This is a complete course for the formation of Data Scientist, with more than 250 exercises from A-Z, covering from the most basic to the most advanced concepts. It focuses on active methodologies, where the student is the protagonist in this process, thus, we bring several solved exercises, notebooks of contents summary and much more, with a focus on learning programming based on practice and simulation of real problems (such as data cleaning, treatment of missings, separation of data in training and testing, grouping and joining of datasets, among others).
In this sense, the course has exercises solved on the main Python libraries for Data Science: NumPy, Pandas, Matplotlib and Seaborn. In addition, it seeks to rescue elementary concepts of Linear Algebra, through the NumPy library.

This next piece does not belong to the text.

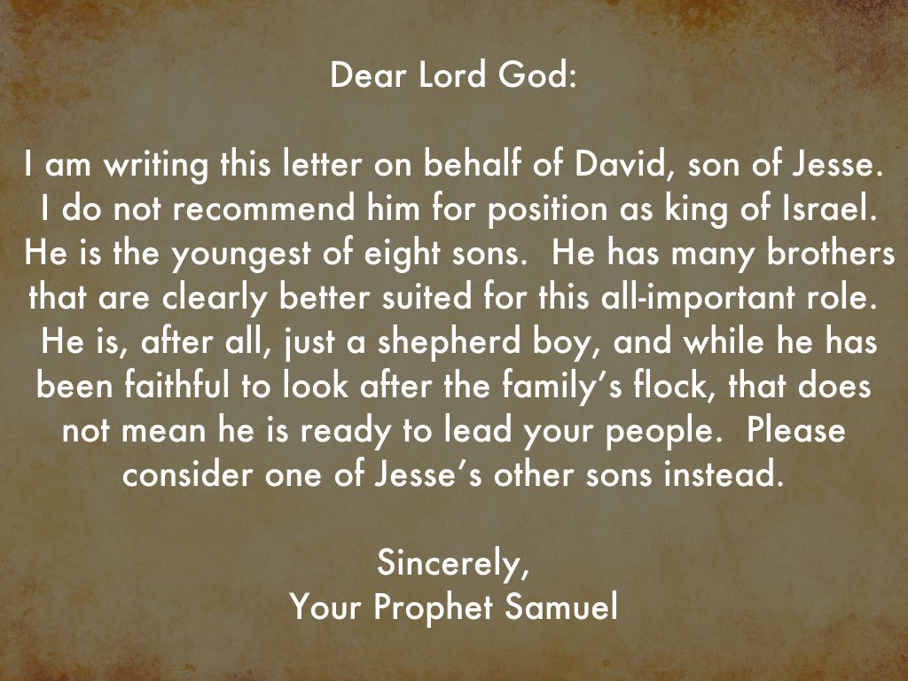 I am writing this letter on behalf of David, son of Jesse. I do not recommend him for position as king of Israel. He is the youngest of eight sons. He has many brothers that are clearly better suited for this all-important role. He is, after all, just a shepherd boy, and while he has been faithful to look after the family’s flock, that does not mean he is ready to lead your people. Please consider one of Jesse’s other sons instead.

In general, the course presents exercises that encompass the main functions of NumPy for Data Science, such as aggregation functions, matrix definition, matrix operations, among others. As for Pandas, we seek to offer an overview from the definition of Series and DataFrames, inspection of datasets, boolean selection, filtering of rows of columns, removal of rows and columns, treatment of missing data, grouping and joining functions, opening and writing files, descriptive statistics functions, among other topics.
Finally, there are several problems related to data visualization, with the libraries Matplotlib and Seaborn, from classic datasets. Notions of time series and finance are also introduced. There are also examples of how to prepare a dataset for a Machine Learning project.